Bad or missing usercopy whitelist? Kernel memory exposure attempt detected from SLUB object 'nvidia_stack_cache' (offset 11440, size 3)!

To which @philm responded to disable spectre/meltdown. So if that worked for them, I would try it, it might work for you.


#5

@philm , you could have same error with spitfire laptop


#6

good morning evenings or evenings out there, greetings to all, I was reading the forum and found this yours, I did not understand well if there are problems with nvidia and kernel 4.16.0.1, but I have recently changed from 4.14 to that to prove it, my card nvidia 730 works perfect with both (version 390.42) and the dmesg does not throw errors, in fact it follows as always in 45º of temperature, I must return to 4.14?
Regarding the specter / meltdown issue mitigation, I went back to execute the spectre-meltdown-checker.sh script that was on the web and my amd keeps saying “not vulnerable”, although it may not be valid anymore.
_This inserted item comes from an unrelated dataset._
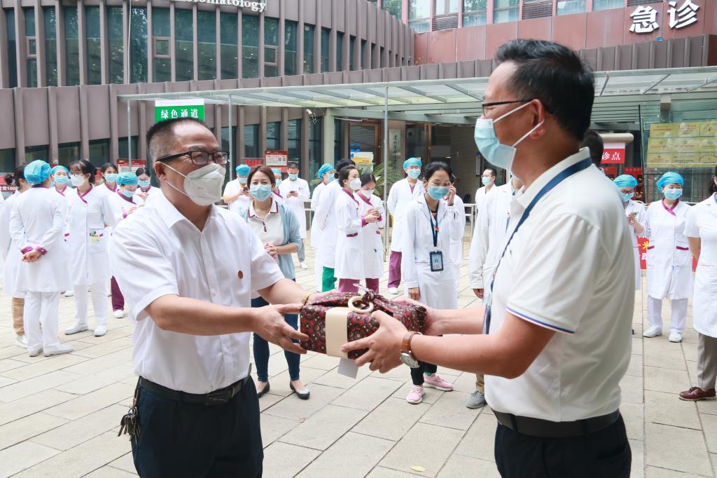 慰问期间,校领导为职工代表送上节日礼物,并与他们亲切交谈,深入了解疫情防控、医教研、生活等情况。指出一线防疫人员是抗击疫情期间的攻坚力量,叮嘱他们在奋战一线、坚守岗位的同时千万做好个人防护,用心用情用爱守护校园、医院安全稳定,耐心维护员工身心健康,众志成城打赢这场疫情防控阻击战。

Attentively happy day to all.

PS: Sorry for the English of Google but I do not speak it.


#7

@manjaromanyarolibre
this is specific to intel & nvidia & kernel 4.16 version


#8

I tried with several kernel options

nopti
nopti noretpoline
nopti spectre_v2=off

But nothing helped.


#9

I have this problem too, and

@mbod, is OBS xcomposite working for you? I do not know if it is related.


#10

I assume you guys use the linux416 kernel from our stable branch. This issue should be fixed already in our testing branch …


#11

I can confirm. Error not showing anymore with testing branch.


#12

This topic was automatically closed 90 days after the last reply. New replies are no longer allowed.